### PROVIDED INFORMATION
____________________

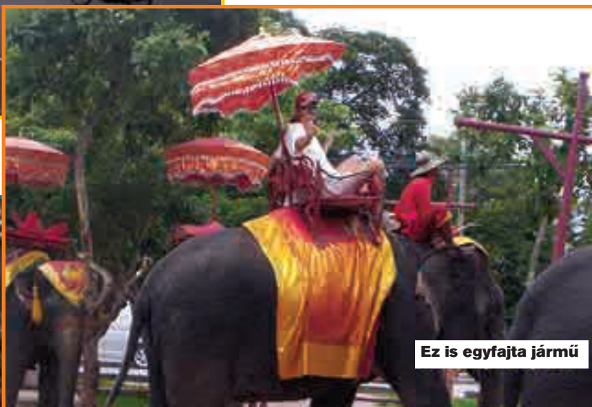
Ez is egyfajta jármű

____________________

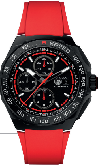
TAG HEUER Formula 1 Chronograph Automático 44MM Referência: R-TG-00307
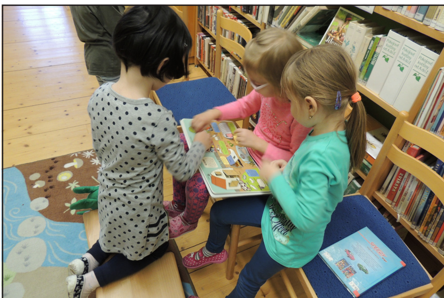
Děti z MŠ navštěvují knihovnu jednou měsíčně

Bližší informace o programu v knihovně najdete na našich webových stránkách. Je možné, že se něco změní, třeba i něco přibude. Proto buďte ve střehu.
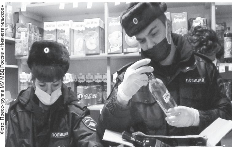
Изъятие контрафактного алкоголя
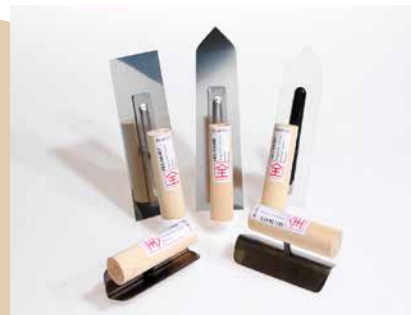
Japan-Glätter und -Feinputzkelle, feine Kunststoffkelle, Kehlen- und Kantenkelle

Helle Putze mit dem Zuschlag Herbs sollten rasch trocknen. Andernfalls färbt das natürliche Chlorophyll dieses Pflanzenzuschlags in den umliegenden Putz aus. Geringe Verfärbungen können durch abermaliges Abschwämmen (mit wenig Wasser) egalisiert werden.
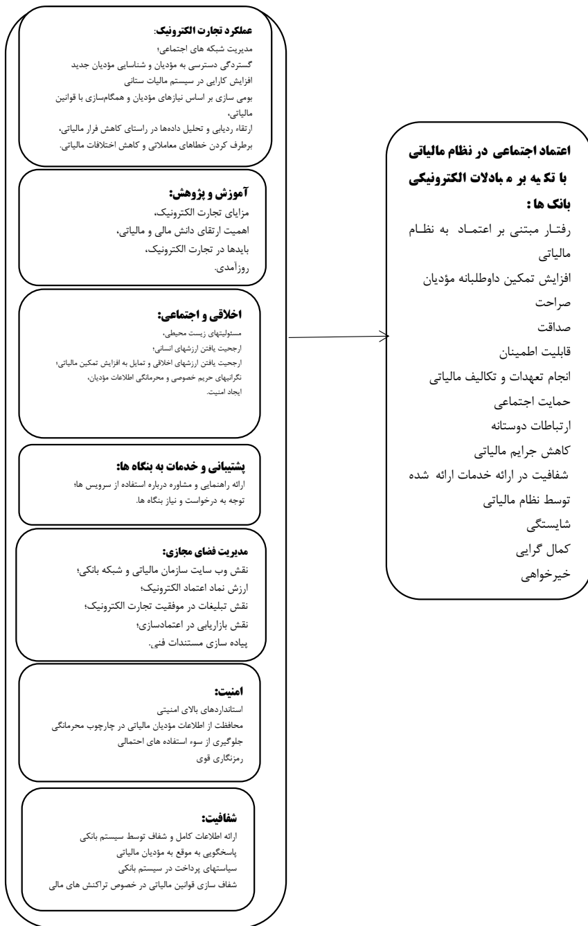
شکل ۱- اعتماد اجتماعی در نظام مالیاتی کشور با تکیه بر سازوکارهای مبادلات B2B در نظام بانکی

____________________

### WORK TASK
Only the lines above from the one with "Изъятие контрафактного алкоголя" to the one with "Japan-Glätter und -Feinputzkelle, feine" should be printed, both included and exactly as written; no picture belongs in the copy.

### RESULT OF THIS EXERCISE
Изъятие контрафактного алкоголя
Japan-Glätter und -Feinputzkelle, feine Kunststoffkelle, Kehlen- und Kantenkelle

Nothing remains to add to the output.